И Гром рванул вперед.

Мы неслись по лесу, по его незнакомым тропкам, световое пятно хаотично прыгало – Зинкевич бежал сразу за мной, держа фонарь. И еще кто-то сзади подсвечивал. Кто-то споткнулся, упал или чуть не упал, матюкнулся. А Грома точно разобрал драйв охотника, некие древние, спящие волчьи гены вдруг проснулись, превратили служебного пса в хищника, он натянул поводок, мешавший бегу, зарычал… И по необъяснимому наитию я понял, что мы вышли на цель.

Я отстегнул поводок:

– Гром! Взять!

Освобожденный от узды, пес одним броском оторвался от нас. Я услыхал его грозный рык из тьмы. И сержант отпустил Рекса. Хищной тенью пес пронесся мимо меня, немного забирая влево.

Собаки в темноте видят нормально. Похуже кошек, но намного лучше нас. Так что для Грома и Рекса никаких проблем в движении не было. Но и мы их не потеряли. Я слышал рычание, старался выдерживать курс по нему, а следом за мной и все прочие – хотя, конечно, и ветви хлестали, и грунт неровный, каждый шаг в неизвестность, ведущая нога натыкалась то на какой-то выступ, то попадала в ямку… Но в целом – вперед, вперед, вперед!

Гром резко взлаял. Ничего дружественного в этом звуке не было, напротив – честная агрессия, «иду на вы». Секунда – он свирепо зарычал, и тут же шум, треск веток и отчаянный вопль:

– Все! Все! Сдаюсь! Уберите собак! Уберите!..

Свирепо загавкал Рекс.

Я чуть не упал, когда моя левая нога попала в невидимую колдобину, но сумел удержать равновесие.

– Гром! Оставь!

Пляшущий луч выхватил из темноты разъяренных Грома и Рекса над мужским телом, лежащим, обхватив голову.

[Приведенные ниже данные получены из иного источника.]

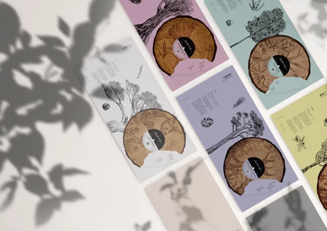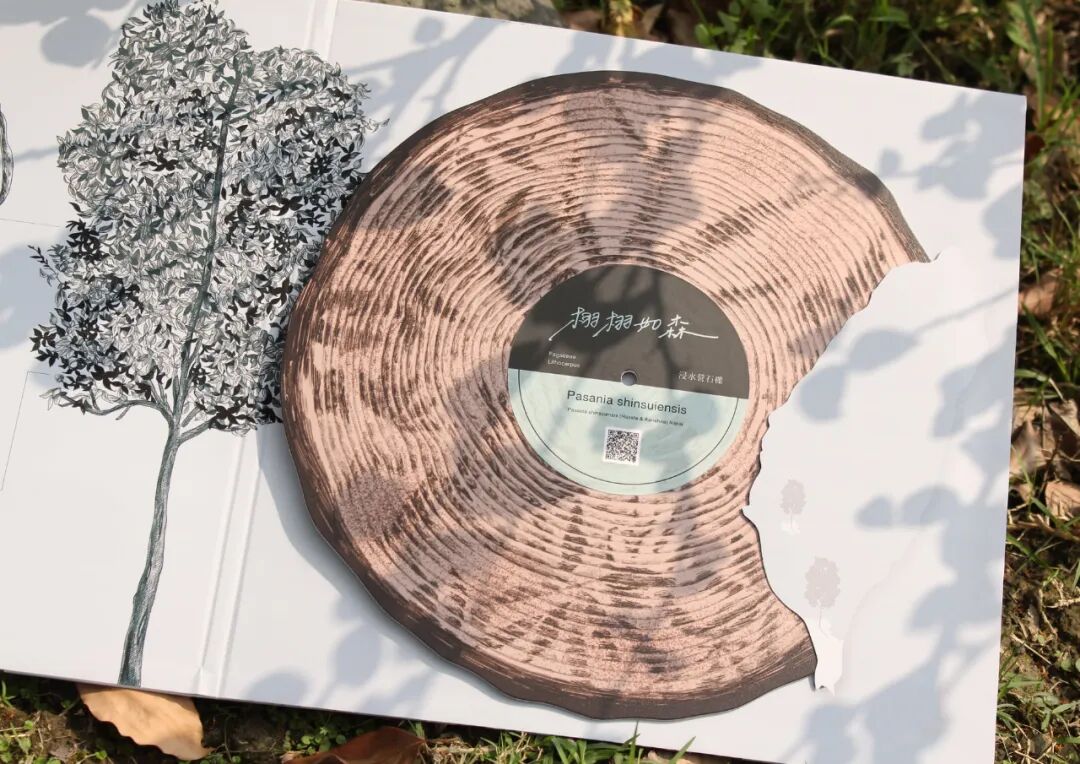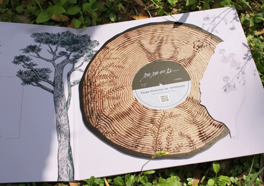 整体设计中我们收录了树木生长环境的声音,并以图像加以记录了树木的生长环境,让人们可以了解树木。在包装上,我们使用黑胶造型的刊物呈现,制作成有声书,根据不同的树种画出其周遭环境。

Секунд через пять-десять мы были рядом.

– Гром, оставь! Молодец. Молодец!

Я поощрительно потрепал пса по шее. И слегка пнул лежащего в бедро:

– Подъем!

– Собак уберите, – плаксиво проныл лежащий.

– Вот сука… – запыхавшись проговорил кто-то из бойцов. – А я-то думал… Не, ну как вы его взяли! Лихо!

– Не вы, а мы, – с нажимом скорректировал Грищук.

– Мы, мы, – с юморком произнес Зинкевич.

– И сука – это собачья женщина. И девушка. Так что не надо, – сказал я. – Так! Здесь не плацкарт. И не купе. Вставай давай!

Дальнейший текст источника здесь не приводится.